In 2005, after Danelo left active duty, the U.S. Naval Institute commissioned him as a freelance correspondent for Proceedings, their flagship publication. He spent a week reporting from the Gulf Coast after Hurricane Katrina, and a month covering the U.S. military in Ethiopia, Kenya, and Djibouti. The same year, Danelo traveled to Vietnam to write a comparison of modern-day Vietnam and Iraq for Nguoi Viet Daily, the largest Vietnamese newspaper in North America.




Danelo's first book, Blood Stripes: The Grunt's View of the War in Iraq, was published in 2006.  A third-person account of five corporals and sergeants who deployed to Iraq in 2004, Blood Stripes was awarded the 2006 Silver Medal (Military History) by the Military Writers Society of America. It was also named a Notable Book of 2006 by the U.S. Naval Institute and is on a mandatory reading list created by General James Mattis for Marines deploying to Iraq and Afghanistan.


 


From 2006-2007, Danelo edited ON Point, an internationally-themed website specializing in news and analysis of the Iraq and Afghanistan wars.  That year, the Naval Institute selected Danelo as "Co-author of the Year" for his work as their first foreign correspondent.  He also wrote for the Los Angeles Times, New York Post, Marine Corps Gazette, Military.com, and Parade Magazine.

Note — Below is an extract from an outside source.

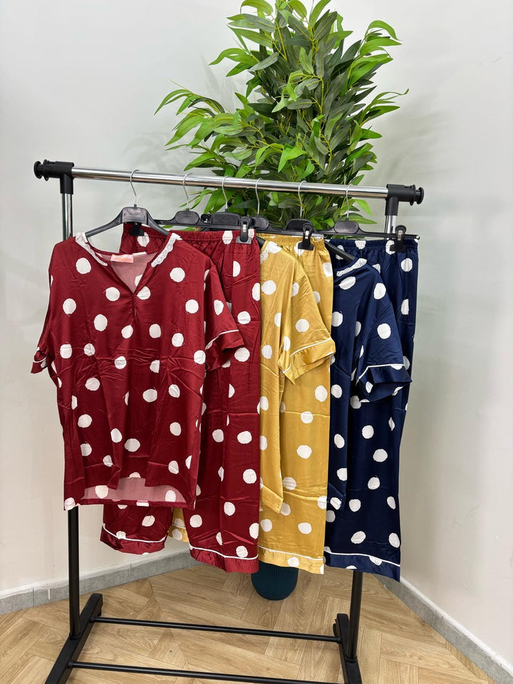 Un completo pratico e alla moda che unisce comfort e stile. Realizzato in raso leggero e luminoso, questo pigiama dona freschezza e morbidezza sulla pelle. Il motivo a pois, intramontabile e chic, rende il look divertente ma elegante, perfetto sia per la notte che come comodo homewear.

After writing a March 2007 cover story on the future of the Iraqi Army for Parade, Danelo spent three months traveling from the Gulf of Mexico to the Pacific Ocean for The Border: Exploring the U.S.-Mexican Divide. An investigation into a region that has rapidly become a conflict zone, The Border includes interviews with Border Patrol agents, local politicians, police officers, immigration activists, deported migrants, and religious officials. The Border is the first literary exploration of the 1,952 mile US-Mexico border from coast-to-coast, as well as the first detailed examination of the border conflict by an Iraq war veteran.




Because of his non-
partisan, educational approach, Danelo’s work has been endorsed by The Economist, former Secretary of State George Shultz, and the Military Writers Society of America, who awarded The Border a 2008 Gold Medal (Current Events).  Texas Books in Review called The Border, “an unequivocally compelling read.”

From 2009 until 2011, Danelo was a Senior Fellow with the Foreign Policy Research Institute
, where he completed an extended field study of northern Mexico and produced a series of talks and papers about the geopolitics of the region. During the same time, Mr. Danelo was also frequently retained as a subject matter expert for the U.S. State Department's Anti-Terrorism Assistance Program, where he assessed and evaluated security along several international borders.

In June 2011, David Danelo was appointed Executive Director of U.S. Customs and Border Protection’s Office of Policy and Planning. In this position, Danelo leads, directs and guides strategic plans and policy for the 60,000-person law enforcement organization responsible to the American people for safeguarding  at and beyond the borders.